------ RECORDS ------
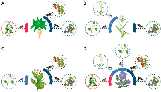 CaPsol transmission multi-test involving sugar beet (A), maize (B), tobacco (C), and the experimental plant periwinkle (D). Populations of specific cixiid vectors associated with the respective host plant are depicted in the surroundings of each plant. Red lines indicate tuf-a CaPsol epidemiological route including HobsUd, light blue lines depict tuf-b CaPsol routes vectored by HobsCa and HobsCf, and dark blue lines correspond to RqCm and RqPs populations transmitting tuf-d type CaPsol.
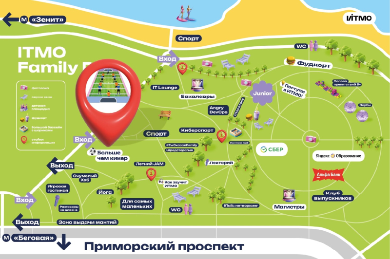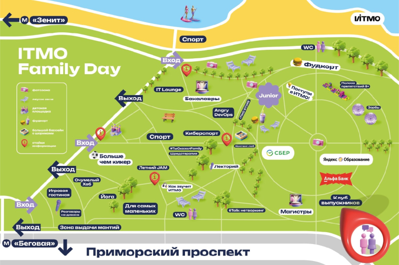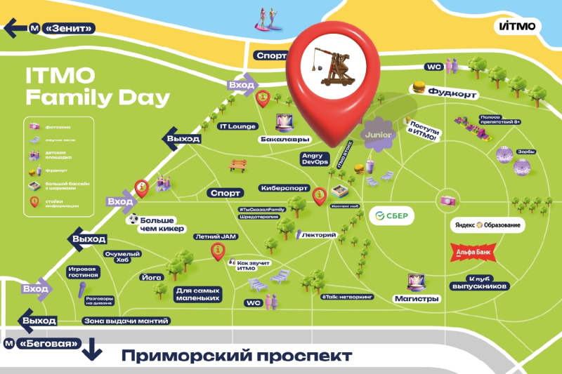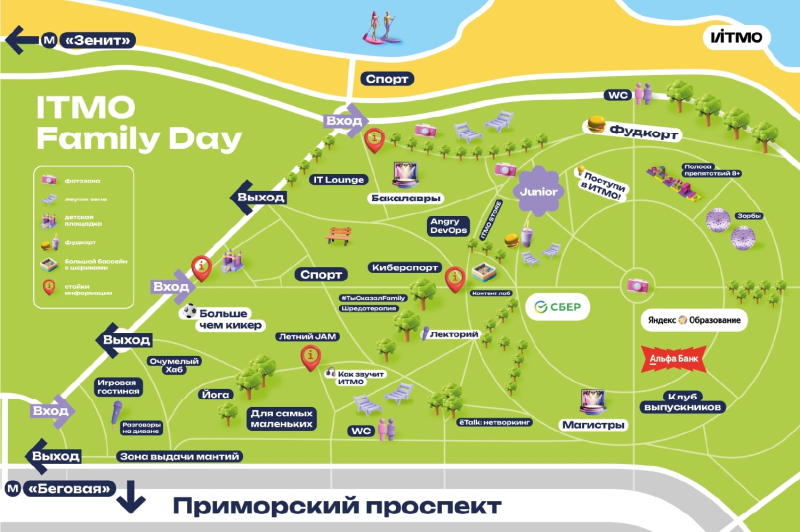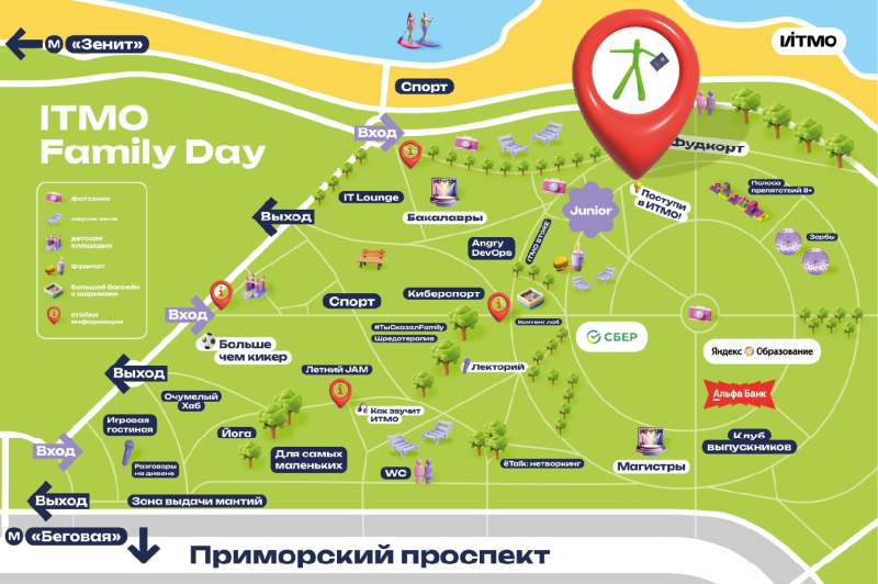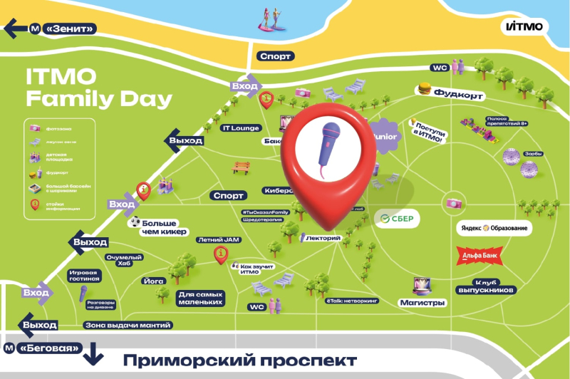 Все зоны будут работать на берегу Финского залива в Парке 300-летия Санкт-Петербурга. Подробную программу ITMO Family Day смотрите на сайте. И не забудьте зарегистрироваться! Ждем всех желающих ― не только студентов и сотрудников ИТМО. Главное — получите бесплатный билет и покажите его на входе на площадку.
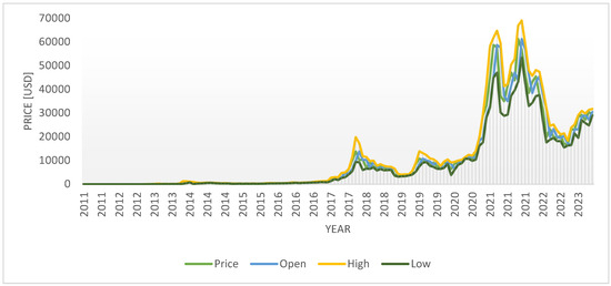 The other dataset used in this research consists of the monthly prices of Bitcoin extracted from Investing.com (accessed on 23 June 2023). The Bitcoin prices started to increase in 2017 and then again in 2019, but the highest jump was recorded in 2021. The price curve in 2021 had two humps followed by a steep valley in 2022 down to almost 15,000 USD. Today, prices are half of what they used to be in 2021 when they went up to almost 70,000 USD (as in Figure 2).
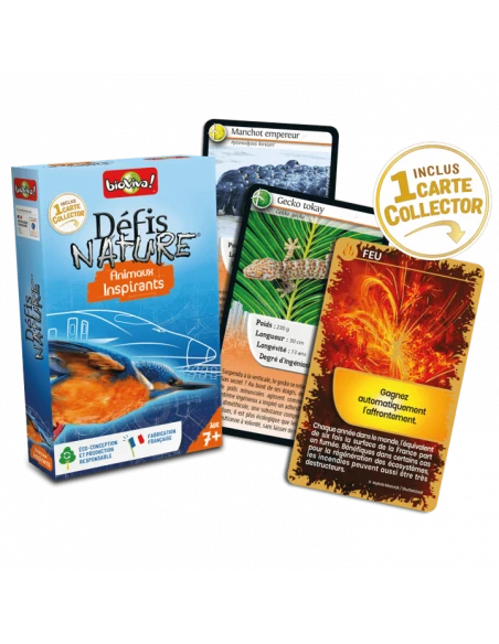 Une carte Collector aléatoire est incluse dans le jeu de cartes Défis Nature – Animaux inspirants. Elle permet aux joueurs de découvrir un phénomène naturel (ex : Feu, Arc-en-ciel, Tornade, Éclipse, Grêle, Aurore Polaire…) et entraîne une action spécifique sur la manche. 18 cartes Collector sont disponibles, il est possible de se procurer les cartes Collector Défis Nature sur notre site internet !
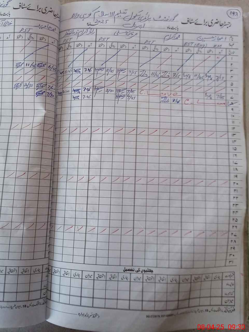 | CNIC | Full Name | Designation | R/C | Absence During Last Calender Month |
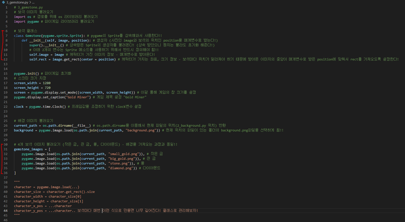 character_y_pos = ...character.. 보석마다 매번 이런 식으로 만들면 너무 길어진다! 클래스로 관리해보자!
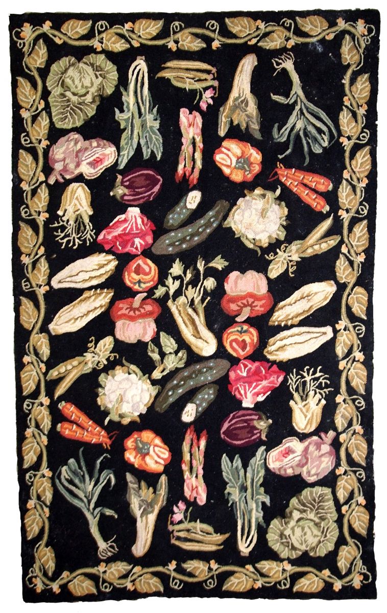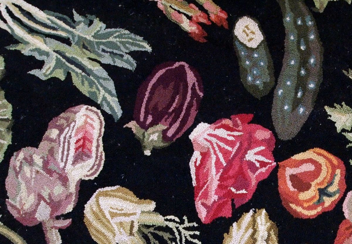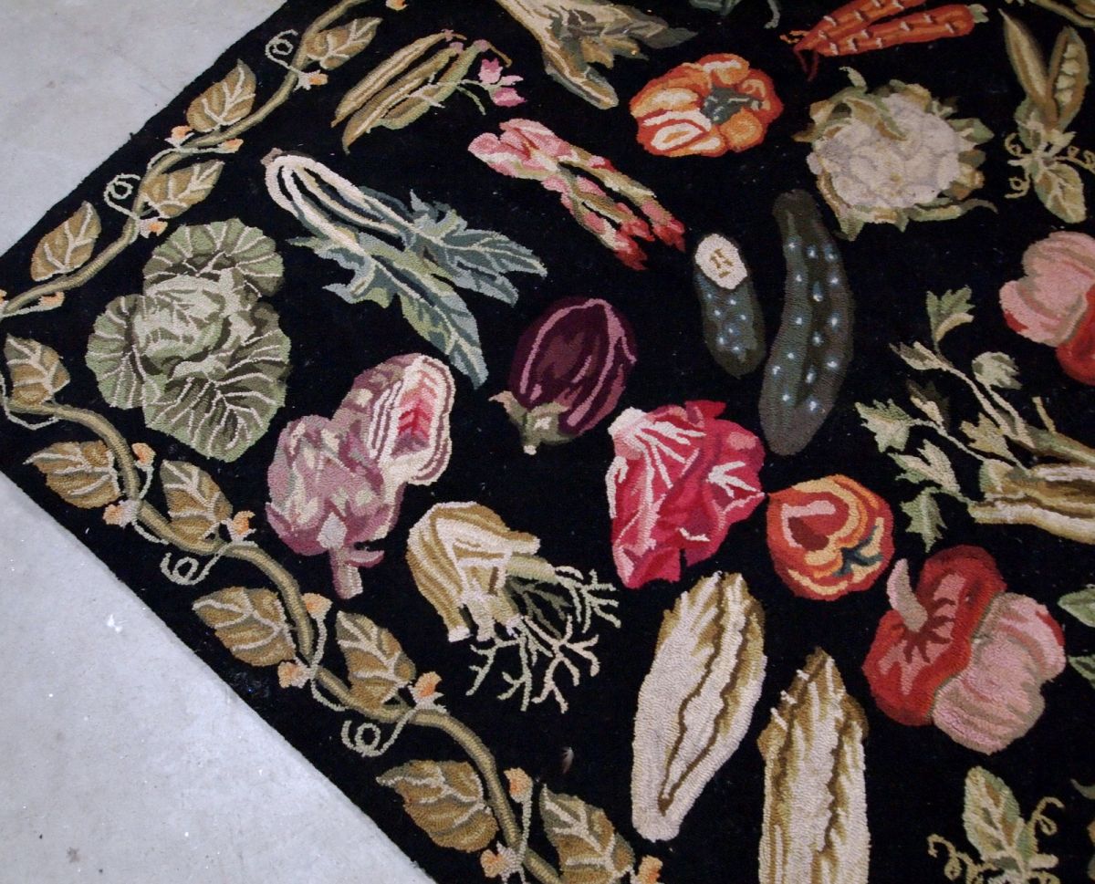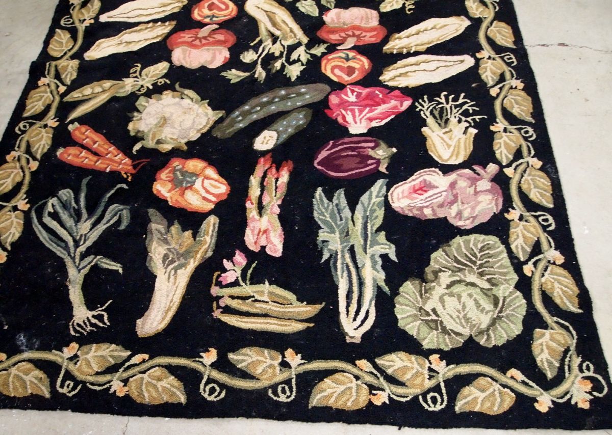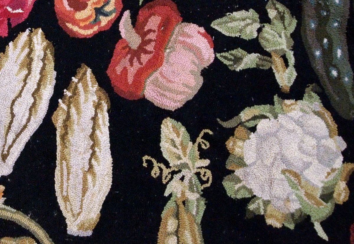 Handmade antique American Hooked rug in black colour with variety of vegetables. This rug has been made in the beginning of 20th century, it remains in original good condition.
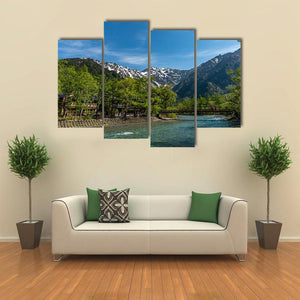 Kamikochi River with Snow-capped Mountains Canvas Wall Art
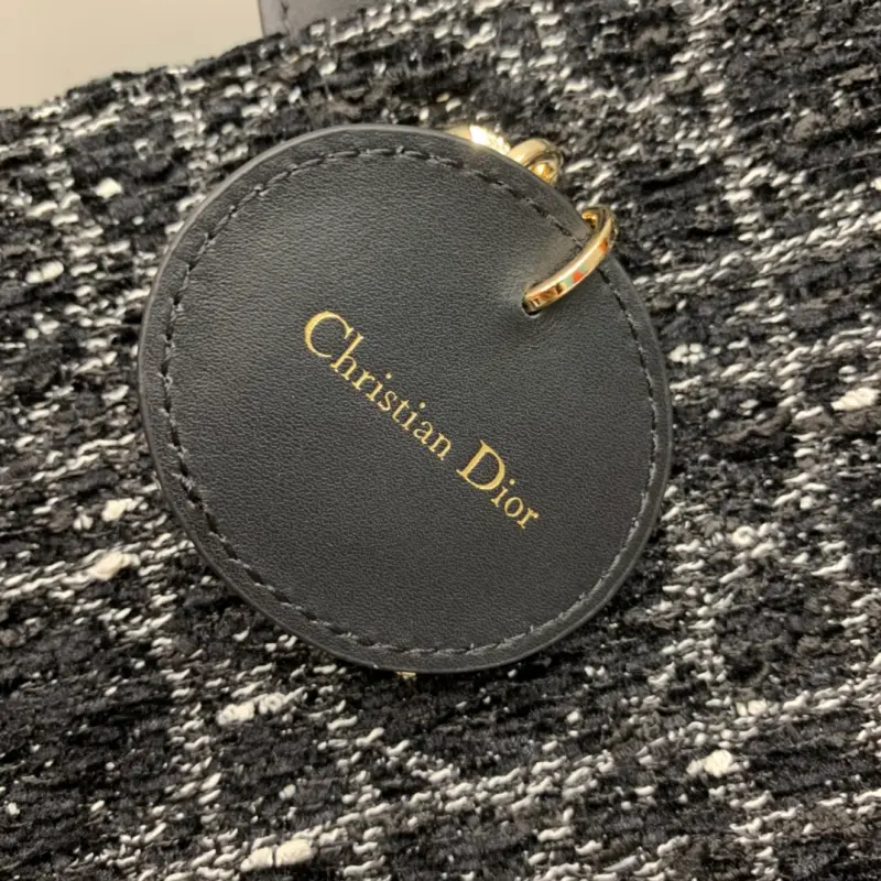 Small Book Tote Handbag “Black Cannage Tweed” The Book Tote handbag presented by Maria Grazia Chiuri embodies Dbag’s classic interpretation of elegance. It is decorated with textured black tweed embroidery all over, highlighting the mixed thread cannage pattern, and one handle is decorated with a light gold-finished metal Dbag charm. The interior is made of ultra-soft leather and has a zipper pocket and a slip pocket to properly store various daily necessities. The lightweight and practical small style is paired with an adjustable and detachable shoulder strap, showing Dbag’s exquisite craftsmanship and can be carried by hand or on the shoulder. Dimensions: 26.5x 21 x 14cm
------
BRIEF: Reproduce only the lines from the first line of the listing above up to and including the line that holds "Все зоны будут". Omit the pictures.

PROBLEM SOLUTION:
 CaPsol transmission multi-test involving sugar beet (A), maize (B), tobacco (C), and the experimental plant periwinkle (D). Populations of specific cixiid vectors associated with the respective host plant are depicted in the surroundings of each plant. Red lines indicate tuf-a CaPsol epidemiological route including HobsUd, light blue lines depict tuf-b CaPsol routes vectored by HobsCa and HobsCf, and dark blue lines correspond to RqCm and RqPs populations transmitting tuf-d type CaPsol.
 Все зоны будут работать на берегу Финского залива в Парке 300-летия Санкт-Петербурга. Подробную программу ITMO Family Day смотрите на сайте. И не забудьте зарегистрироваться! Ждем всех желающих ― не только студентов и сотрудников ИТМО. Главное — получите бесплатный билет и покажите его на входе на площадку.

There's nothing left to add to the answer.